Neat, I’ll have to snag this.
I’ll have to take a look at it too.
When I was a boy back in the 50’s, I bumped into Alfred Wegener’s book on plate tectonics. I raced to school with it and showed it to my science teacher who pooh-poohed the idea. I remember walking away saying to myself that the teacher was wrong and that somehow what Wegener said just “felt” right and it made sense. I also remember feeling vindicated — as if I had anything to do with it :-) when plate tectonics was shown to actually exist.

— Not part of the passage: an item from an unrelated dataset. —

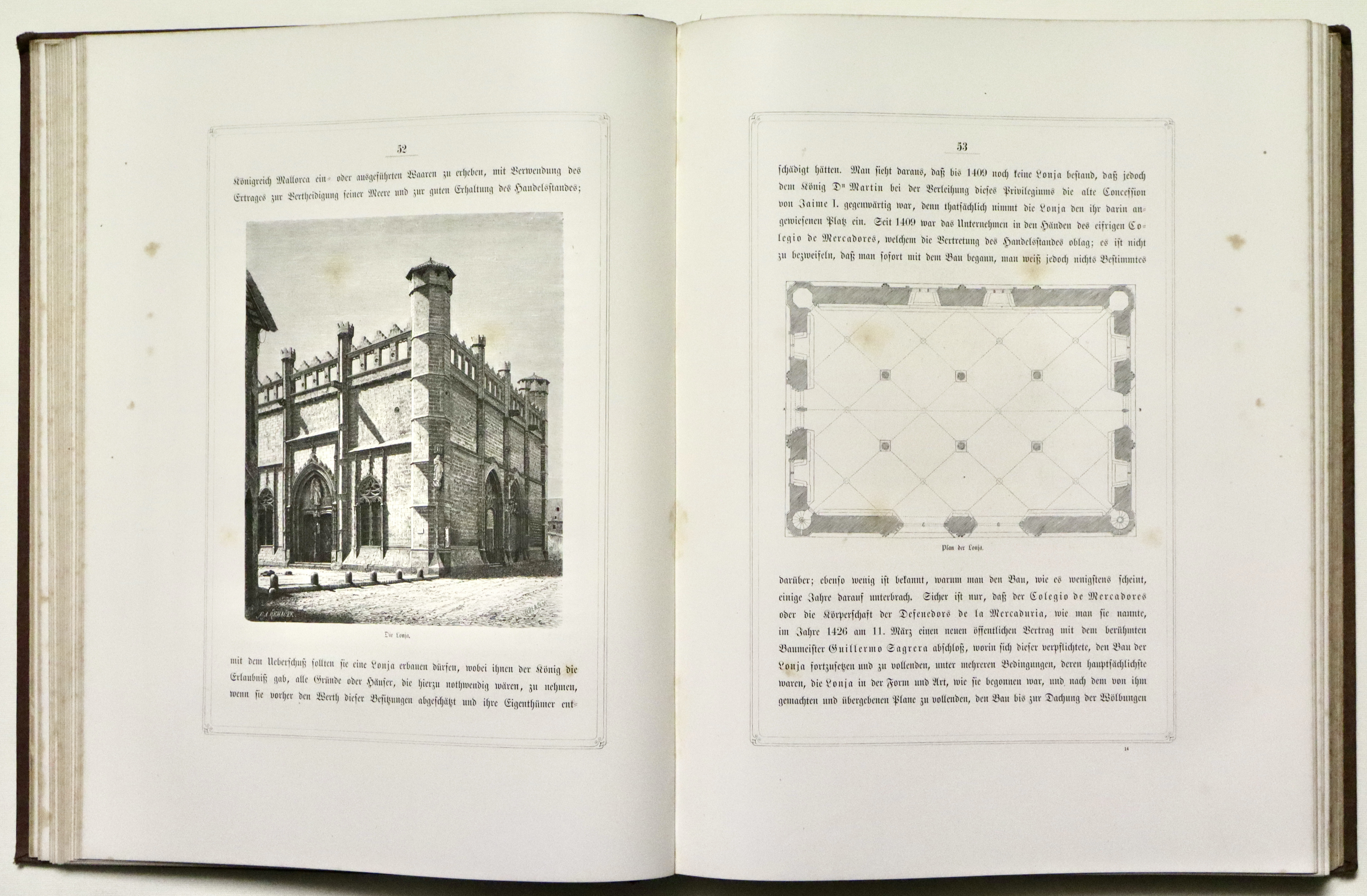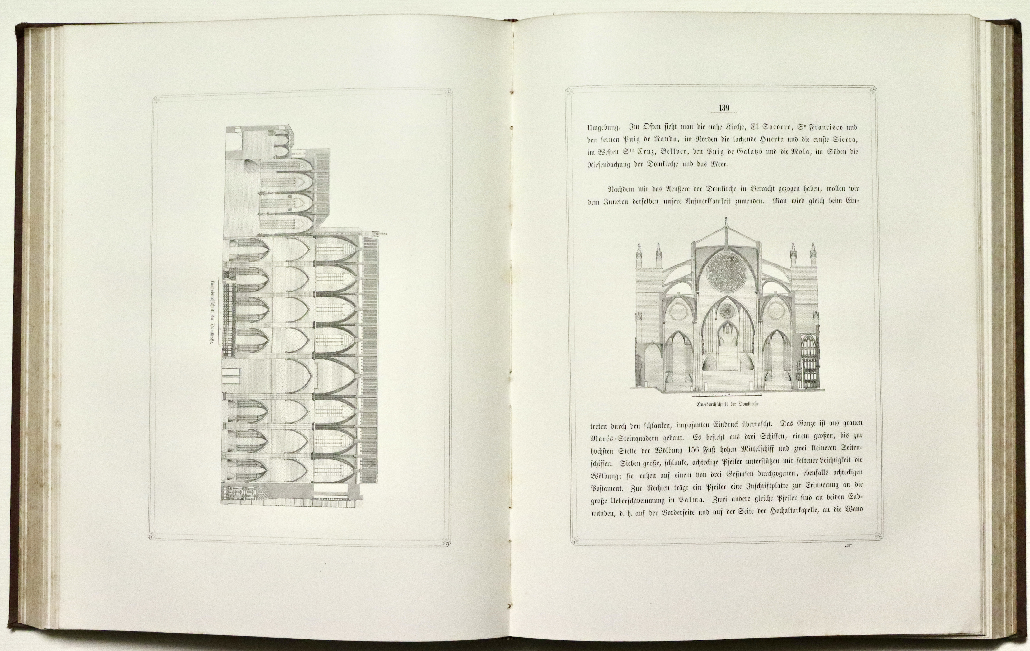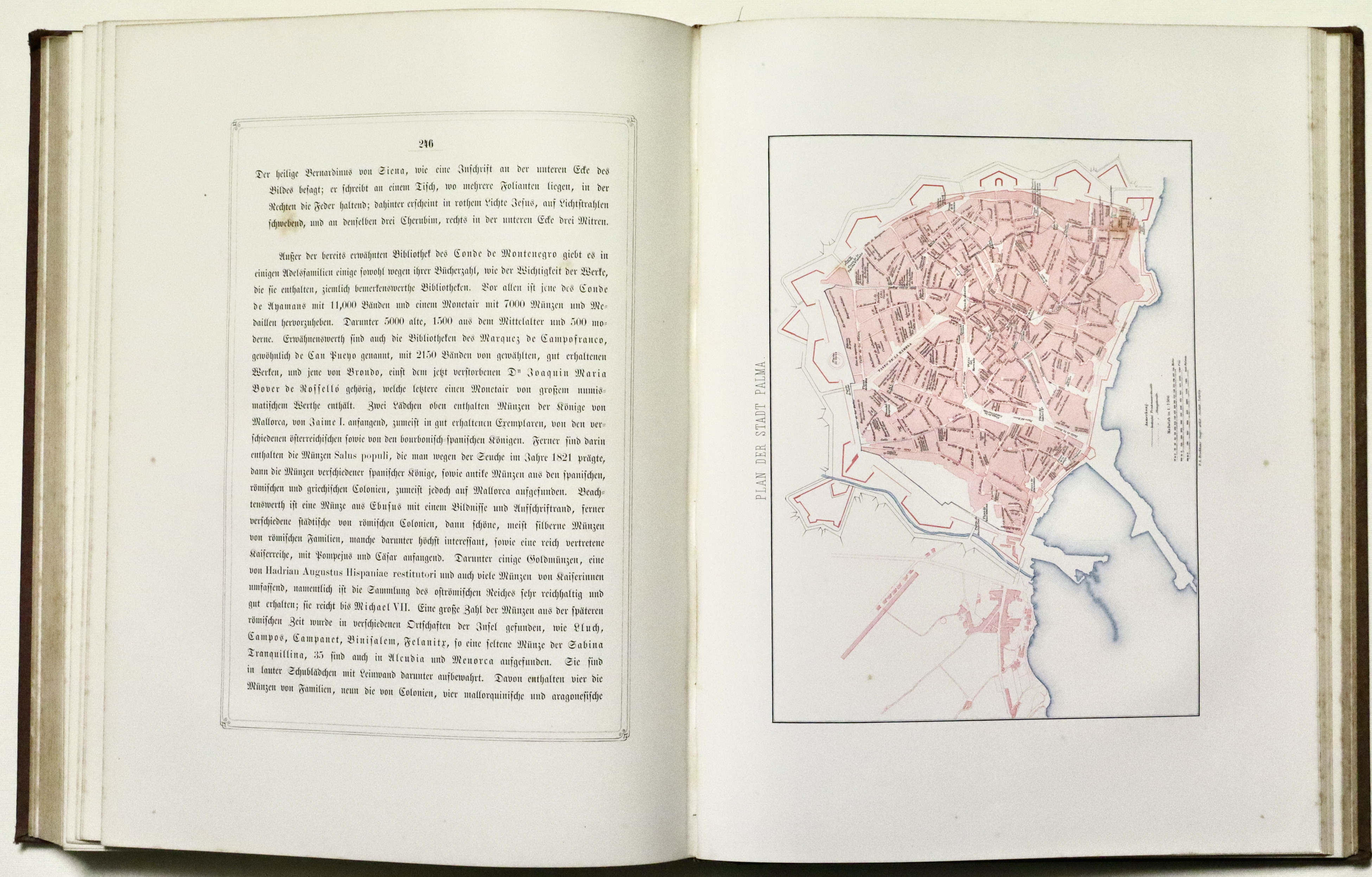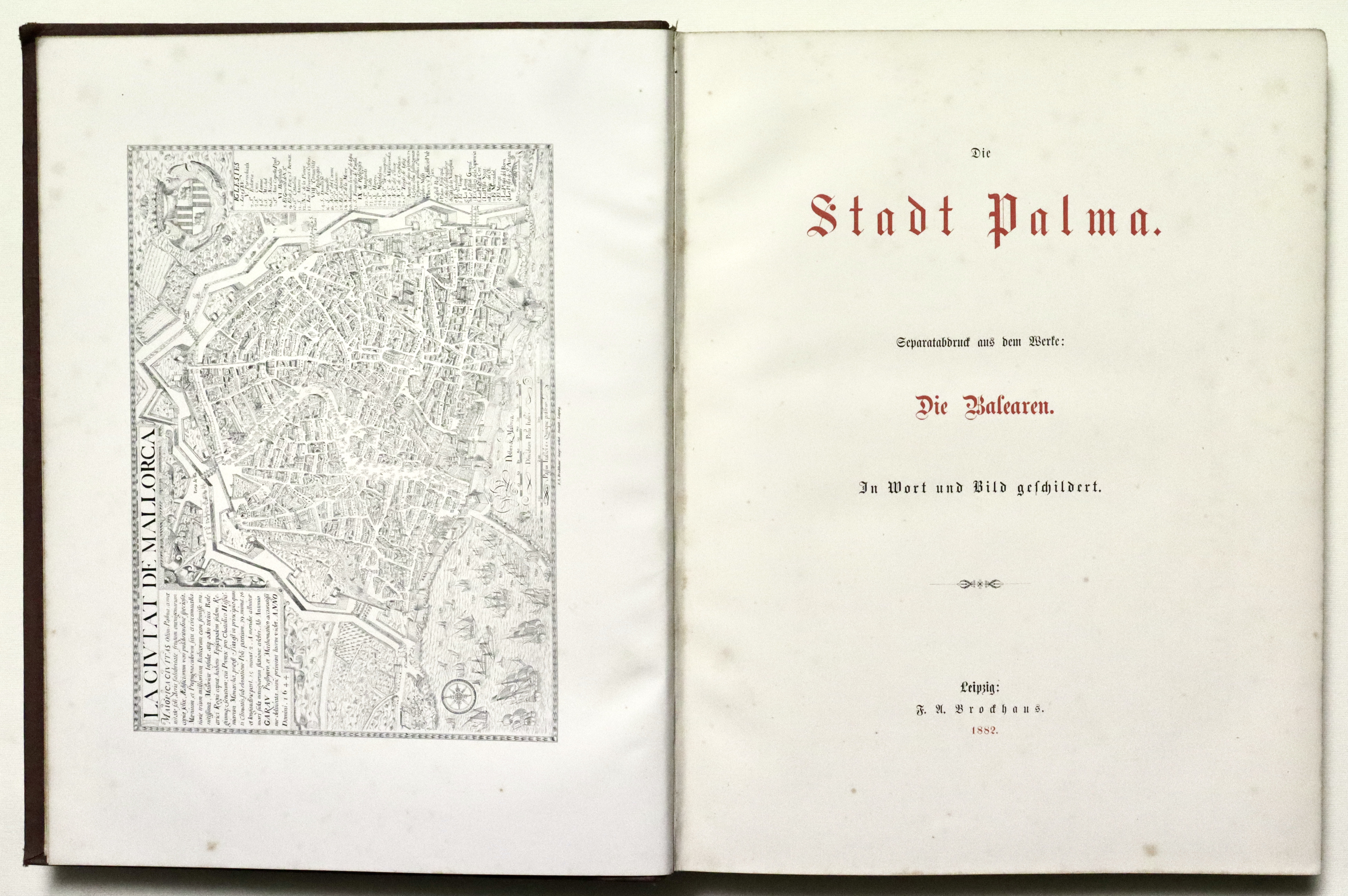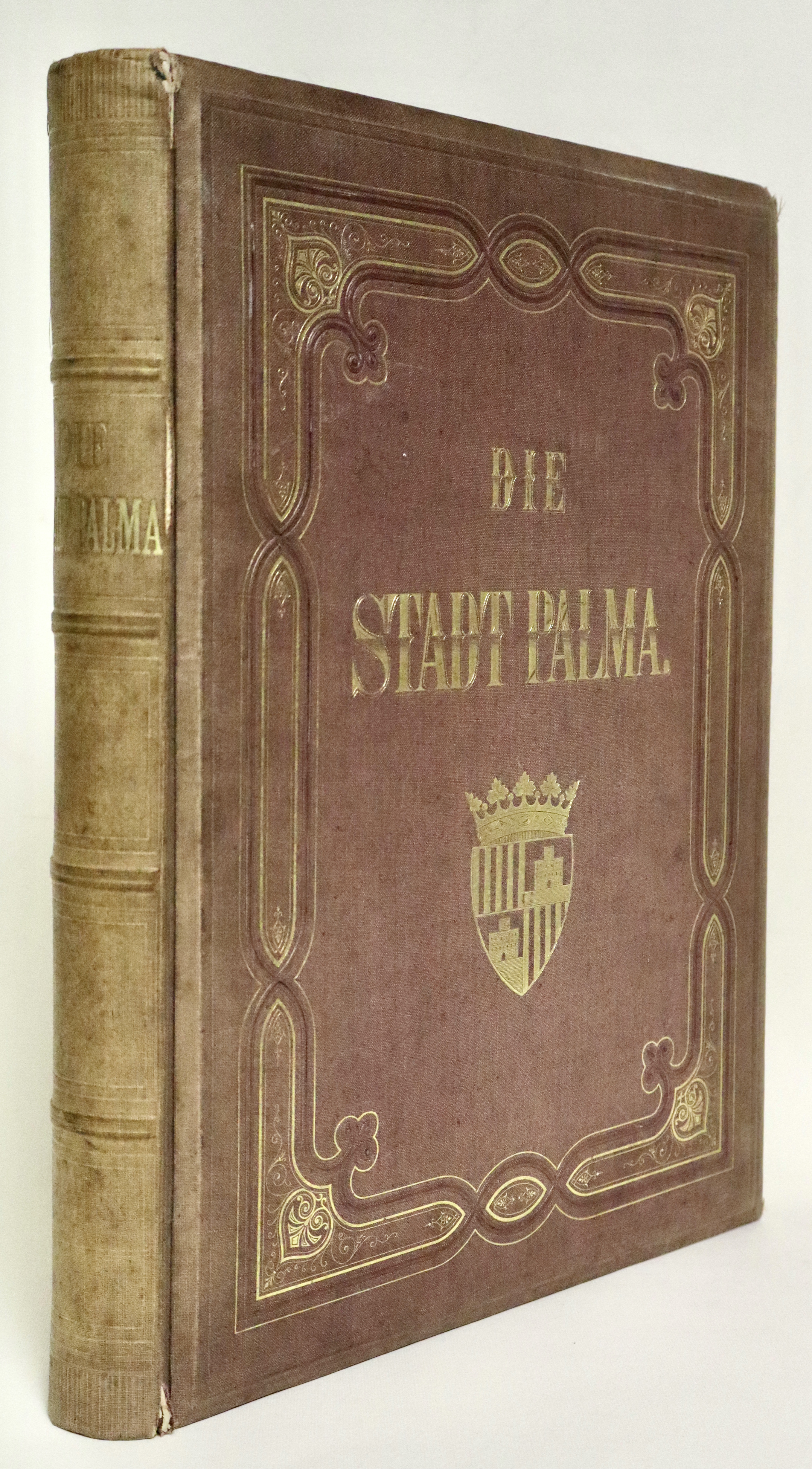 In folio (mm 402x300). Pagine [4], 309, [1] e con 3 tavole f.t. di cui due piante di Palma, una a colori e una in nero disegnata dall’ab. Antonio Garau., e una pianta del Duomo e 117 immagini in silografia nel testo basate su disegni che Ludwig Salvator aveva fatto sul posto, che non di rado sono il primo e allo stesso tempo il miglior materiale illustrativo degli oggetti descritti: Palazzi, piazze, strade, architetture... In quest’ottica, quest’opera e altri libri di Ludwig Salvator rappresentano un importante contributo alla conoscenza storica del mondo insulare mediterraneo.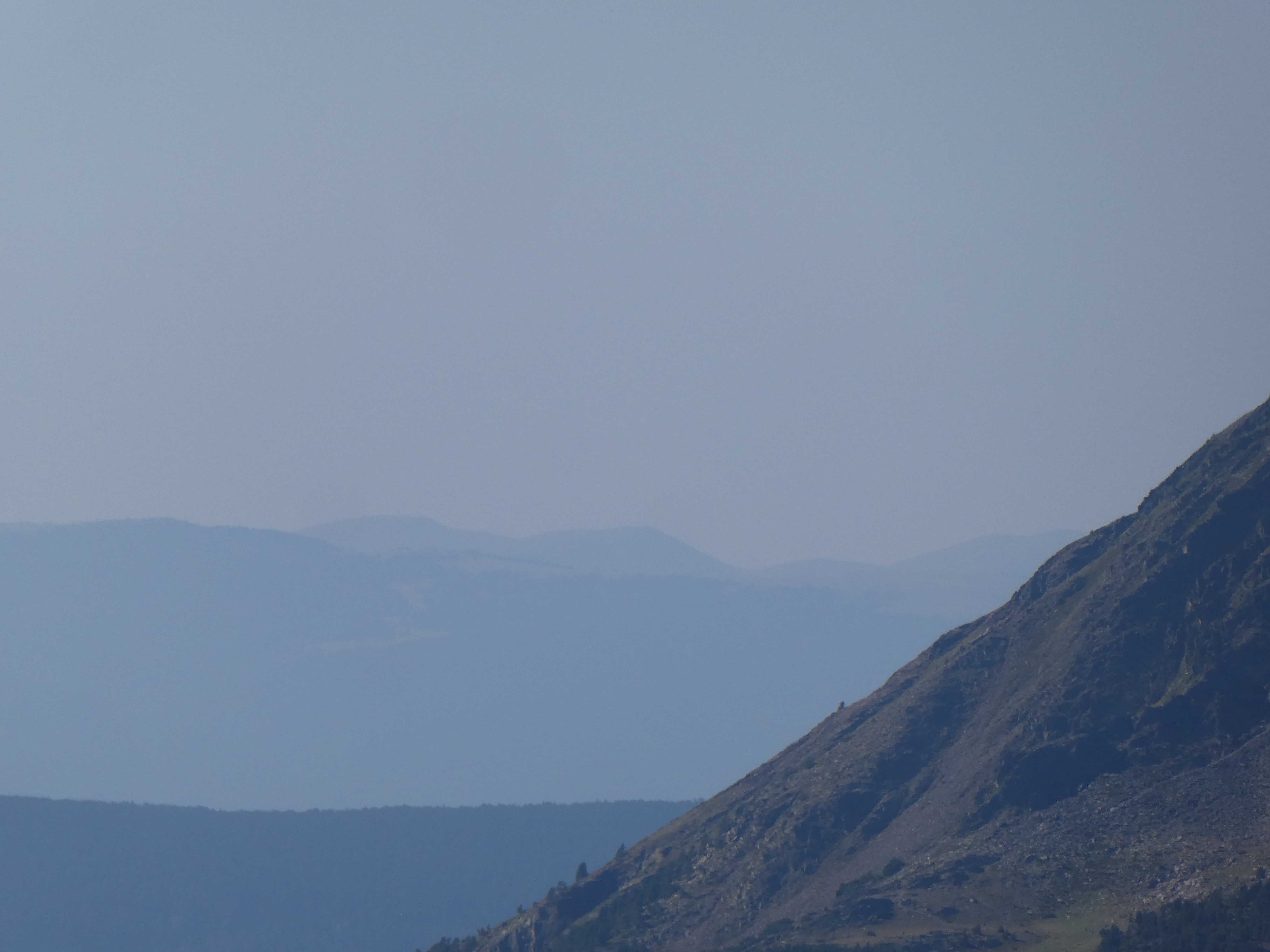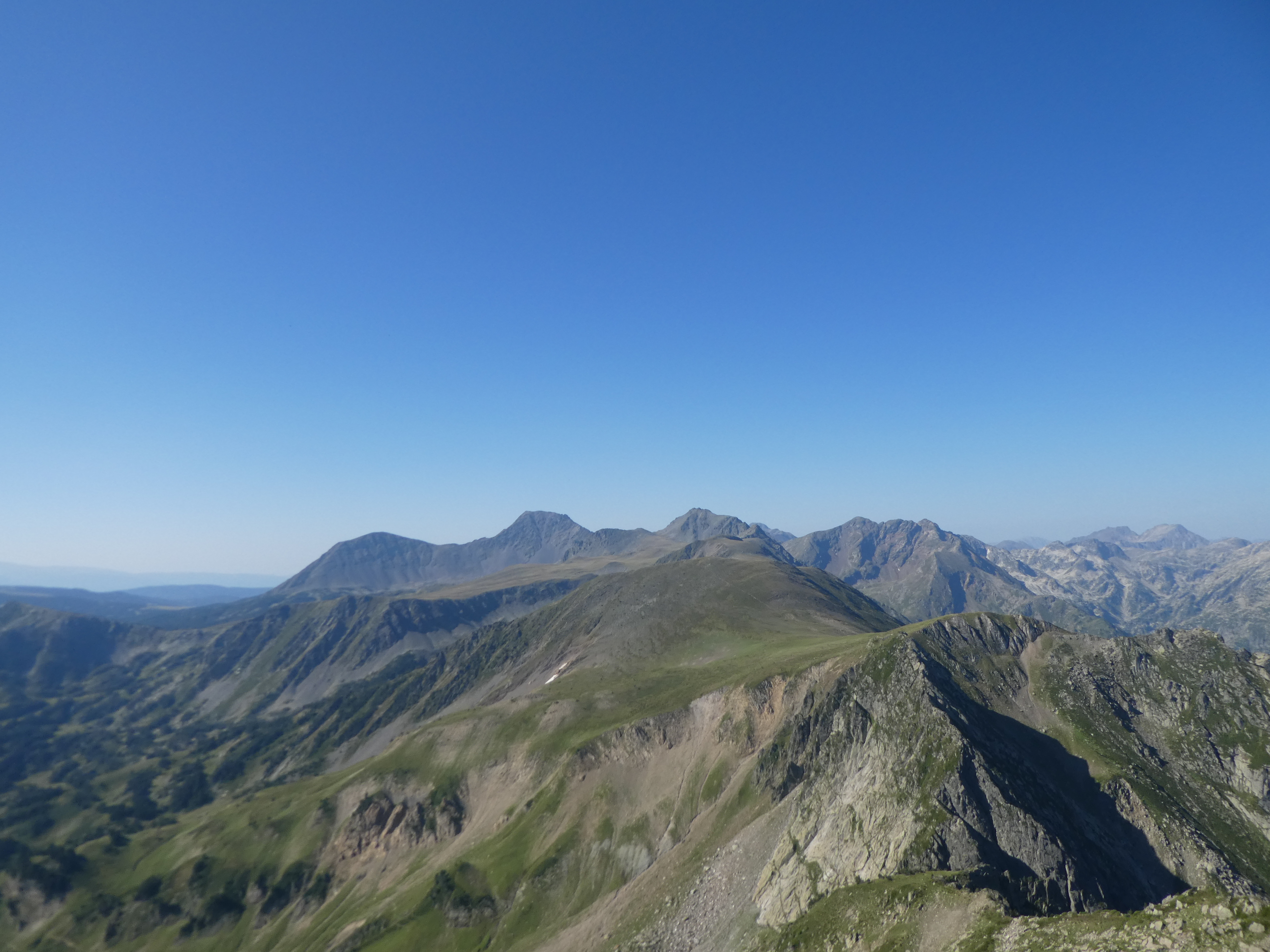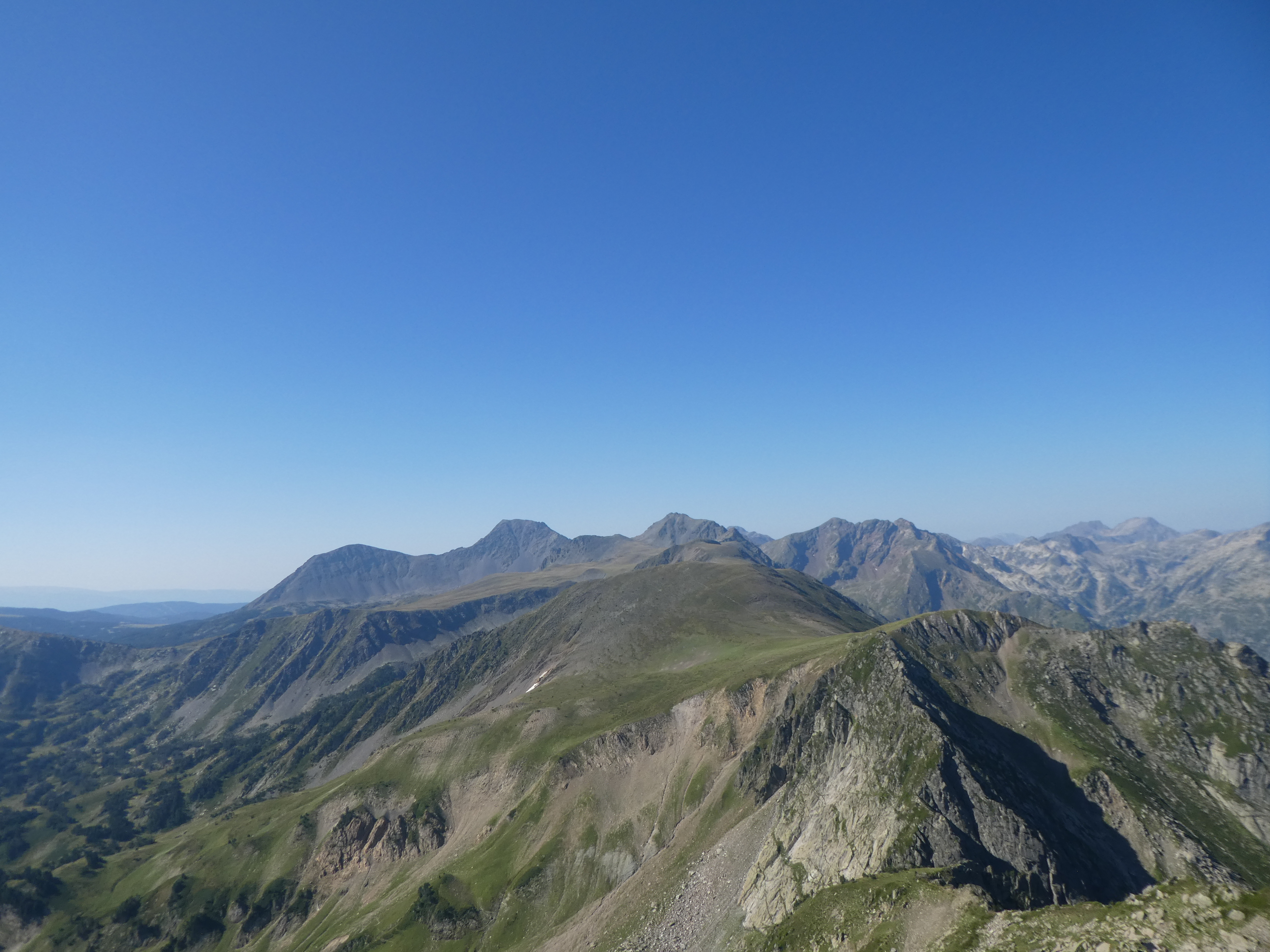 Zoom sur le Pic del Bernat Salvatge (2423 m) au centre-gauche et el Madres (2469 m) au centre-droit

After reading Peter D. Wards, Out of Thin Air, I have the same feeling I did as a boy with Wegener. This just “feels” right. This book though also has a lot of hard data suggesting the basic hypothesis. This definitely is going to cause a paradigm shift in how we look at the evolution of life. Are all the author’s hypotheses going to be borne out in the way he suggests? Likely not. As evidence accumulates there will undoubtedly be some shifts and some new hypotheses, but I also have no doubt at all that the major theme: that much of life’s evolution was driven mainly by varying oxygen levels will be fully accepted.
I also am going to be VERY nice to my birds from now on. Heck, the avians may one day be the dominant phylum if O2 levels drop again and I’d want them to be very understanding of us poor oxygen deprived mammals.